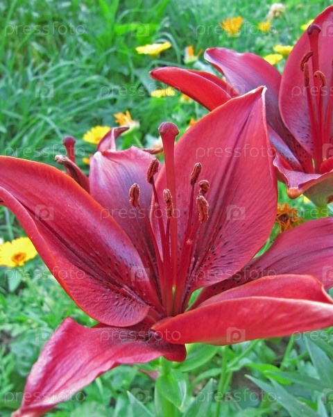 Красный цветок лилии крупным планом
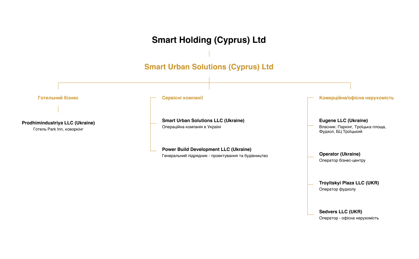 Smart Urban Solutions Ltd (Кіпр) — керуюча компанія групи Smart Holding у сфері комерційної нерухомості. Її діяльність охоплює стратегічне управління інвестиційними проєктами, розвиток бізнесу та експертизу в операційному управлінні.
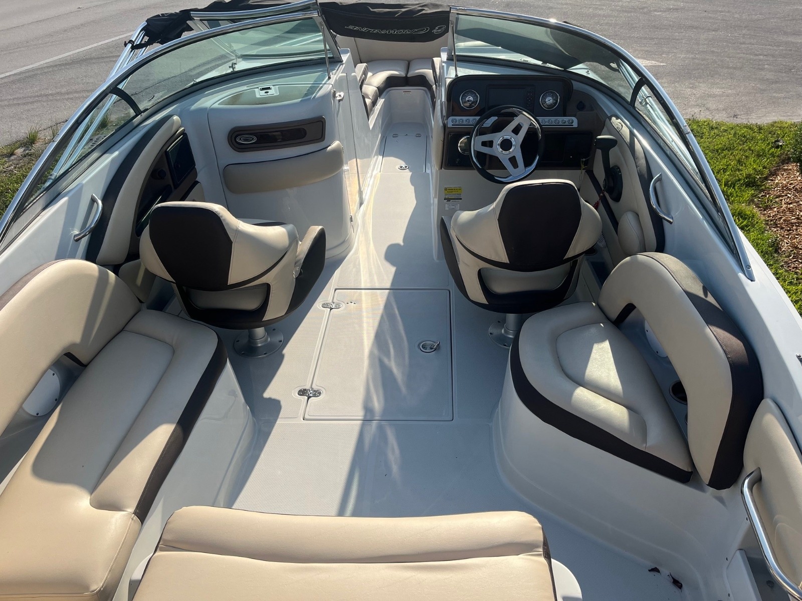 The Crownline 260 XSS outboard model is 25′ 3″ in length, with a 102″ beam and plenty of room for family and friends to enjoy beautiful, fun-filled days on the water. This boat is an attention-grabber and loaded with impressive standard features including an electric fold-down arch, beautifully appointed head compartment, massive amounts of storage and a Garmin 7″ GPS twin touchscreen display.
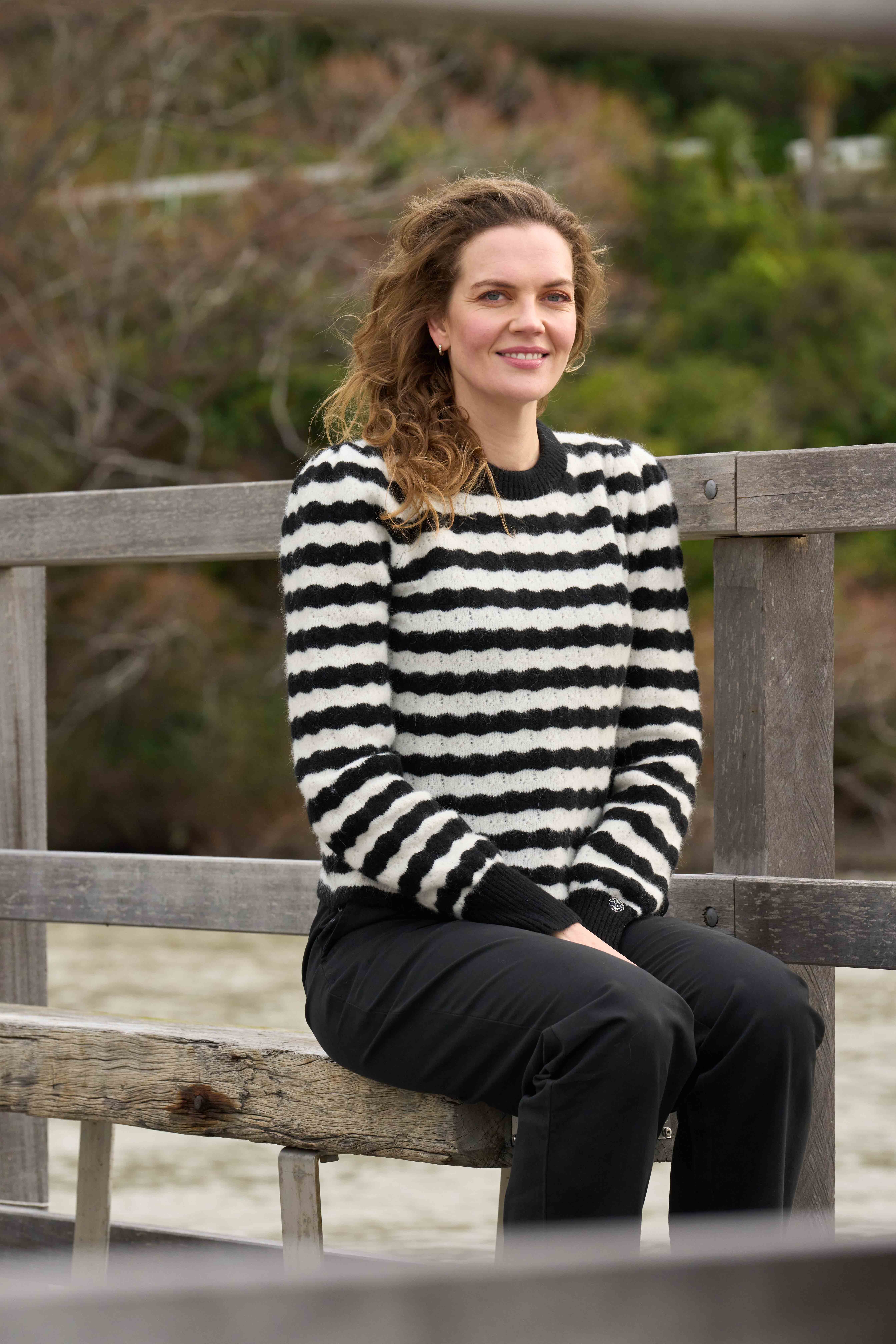 The Grassmere knit is a great layer for winter which features a contrast neck and cuff. The jumper also has a wavy striped contrast pattern. Body length from shoulder to hem is approx. 55cm (Size S).
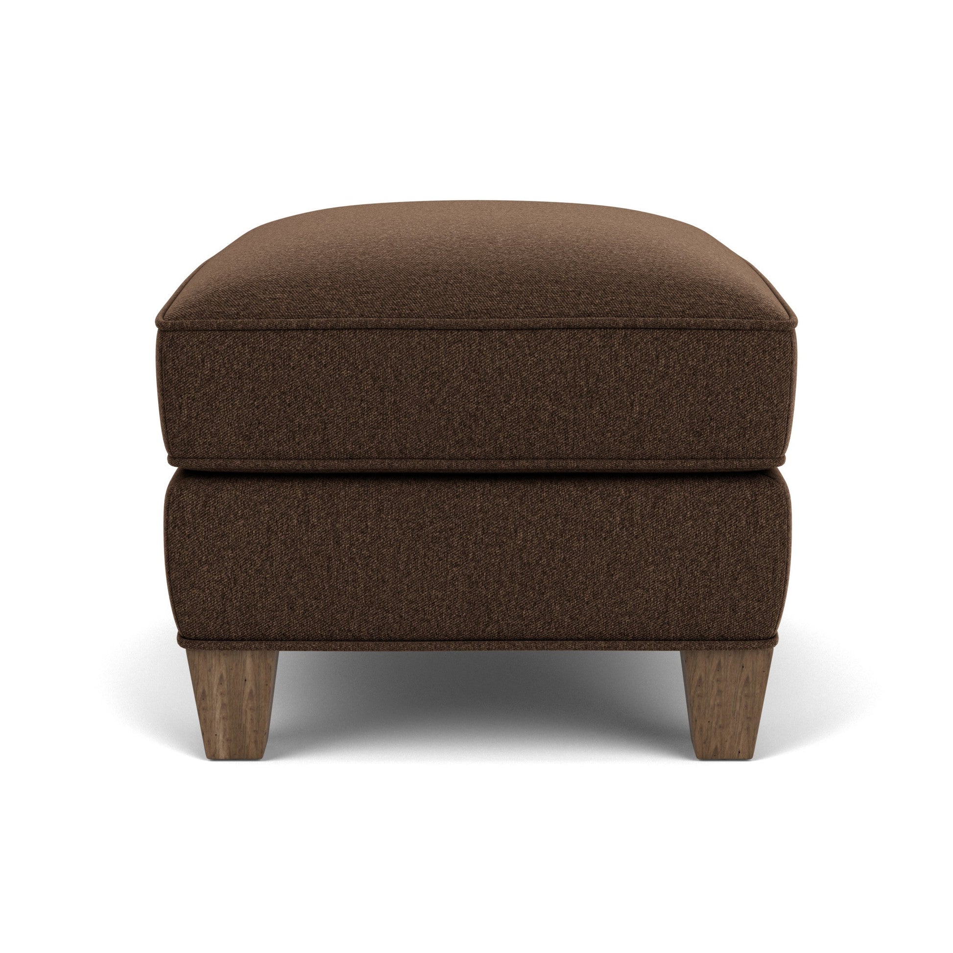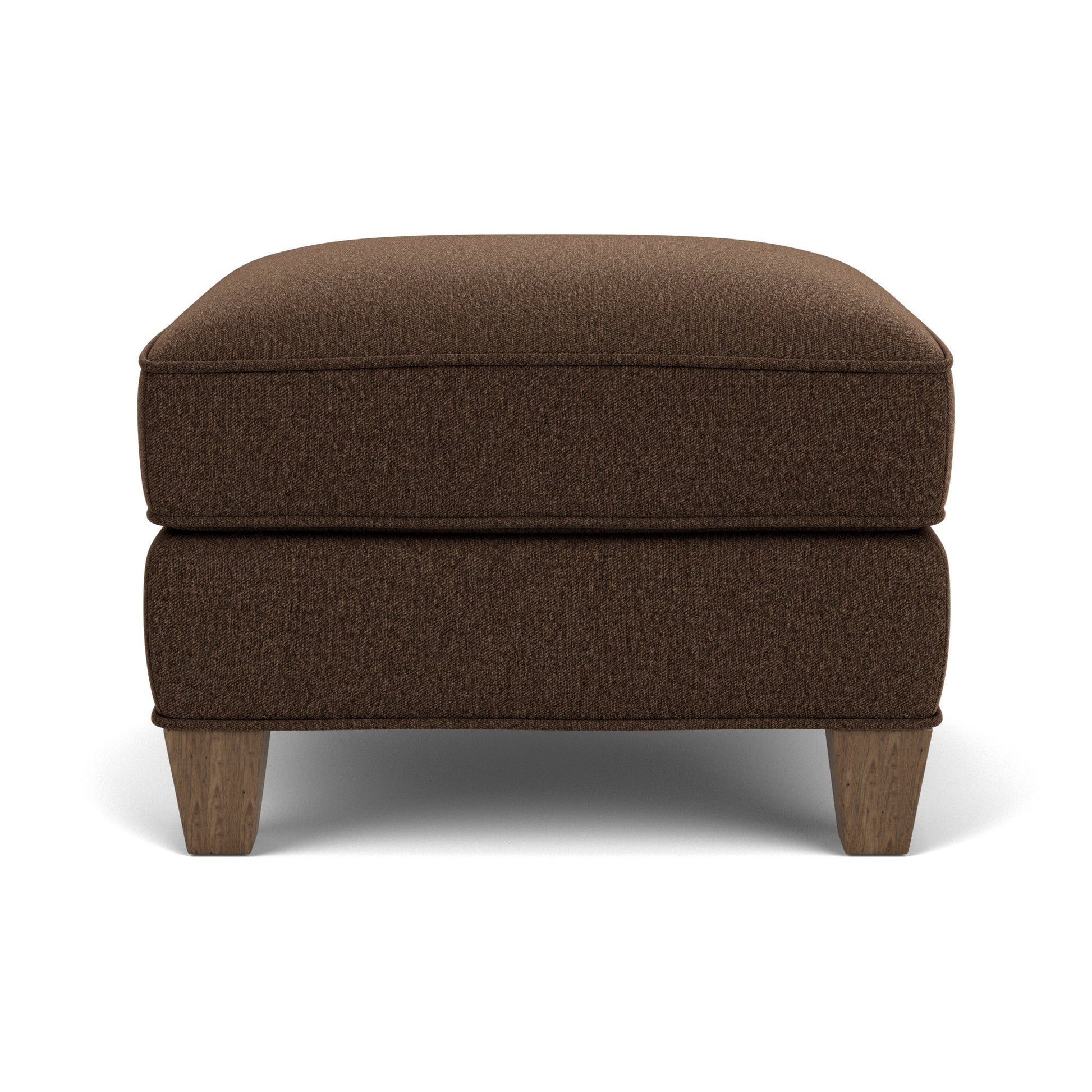 Contemporary framewith a curvy silhouette Welt cording and sweeping lines accentuate the Allison ottoman’s curvy silhouette. Tall, tapered wooden legs provide visual height to Allison’s classy appeal. Pair it with the Allison chair for style and comfort. Model Number: 0124-08 Dimensions 18H x 25W x 22L
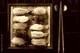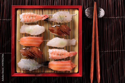 Sushi assortment various different selection japanese food on a red lacquer bamboo tray with chopsticks photo
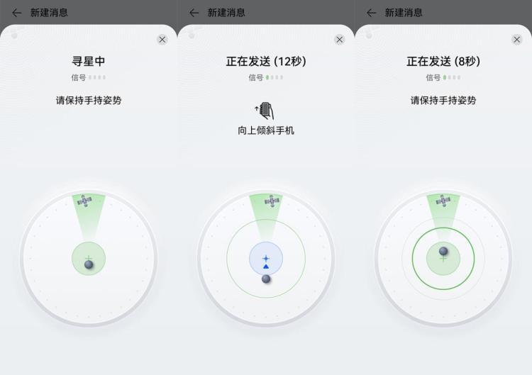 全部操作都是在暢連 APP 中完成,進入到 " 北斗衛星消息 " 界面后,輸入好求助內容、選擇好聯系人后,在點擊發送按鍵后需要用戶移動到空曠位置按照屏幕提醒移動,在搜索到衛星后,等待十幾秒就能發送出去緊急信息,流程還是比較簡潔的。
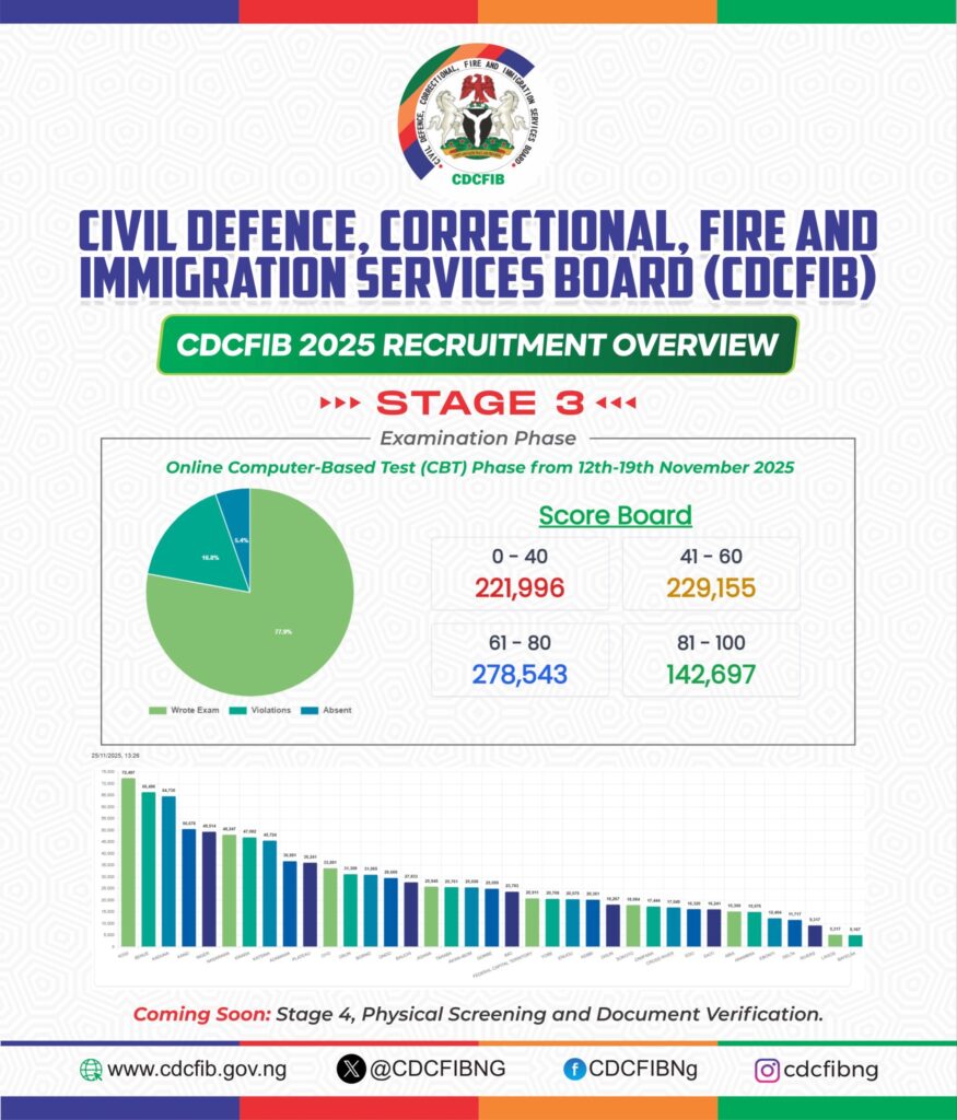 The 2025 cycle demonstrates once again the strong demand for federal employment opportunities in Nigeria’s security and emergency services sector.
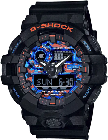 Stylish and rugged, the Casio G1098 GA-700CT-1ADR combines a black analog and digital display for men. Featuring a durable resin case, 200m water resistance, and a sleek, sporty design, it's perfect for both everyday wear and outdoor adventures
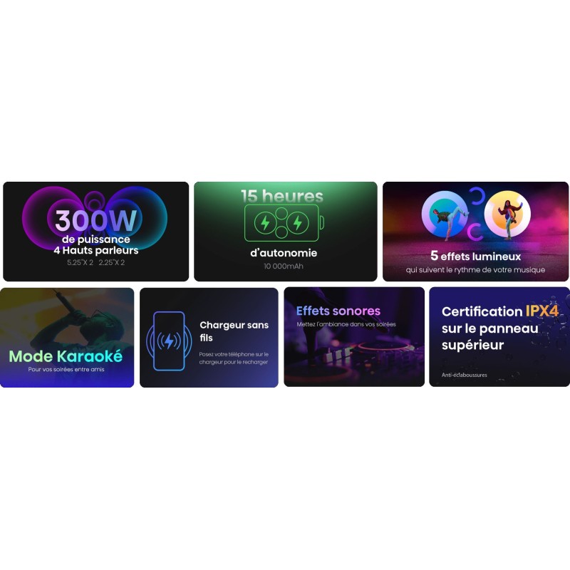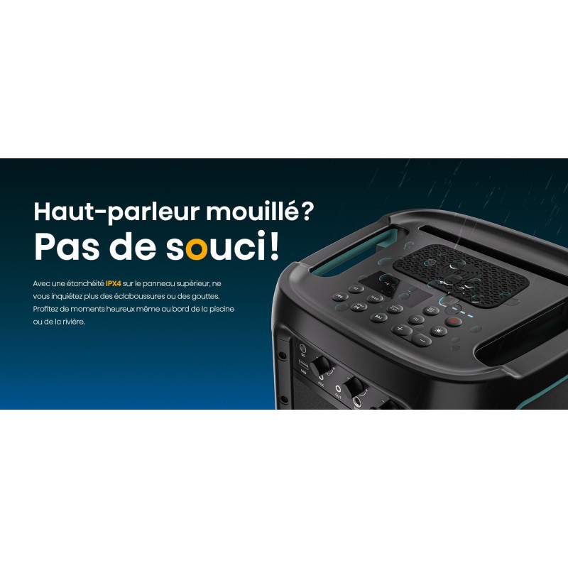 Transformez vos soirées avec l'enceinte nomade HISENSE. Avec 300 W de puissance et une autonomie de 15 heures, elle offre un son exceptionnel. Sa connectivité Bluetooth et son design robuste vous permettent de profiter de la musique partout avec style.
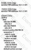 An engineer configured a data policy called ROME-POLICY. Which configuration allows traffic flow from the Rome internal network toward other sites?
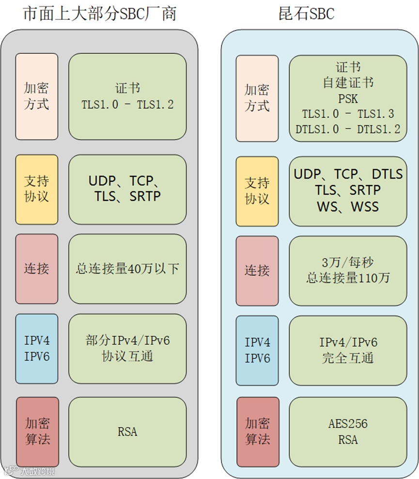 可以看到市面上绝大部分SBC厂商仅支持TLS加密协议,未支持DTLS。而在加密方式上大部分仅采用证书校验,却未支持传输效率更高的PSK模式。昆石SBC在信令语音加密处理性能上远超其他SBC厂家,致力于更全面,高效的为客户保障数据传输安全。
______________________________
▶ Directions for this task: Starting at the first line of the records above, set down each line exactly through the one that holds "Smart Urban Solutions". Omit pictures.

▶ Task result:
 Красный цветок лилии крупным планом
 Smart Urban Solutions Ltd (Кіпр) — керуюча компанія групи Smart Holding у сфері комерційної нерухомості. Її діяльність охоплює стратегічне управління інвестиційними проєктами, розвиток бізнесу та експертизу в операційному управлінні.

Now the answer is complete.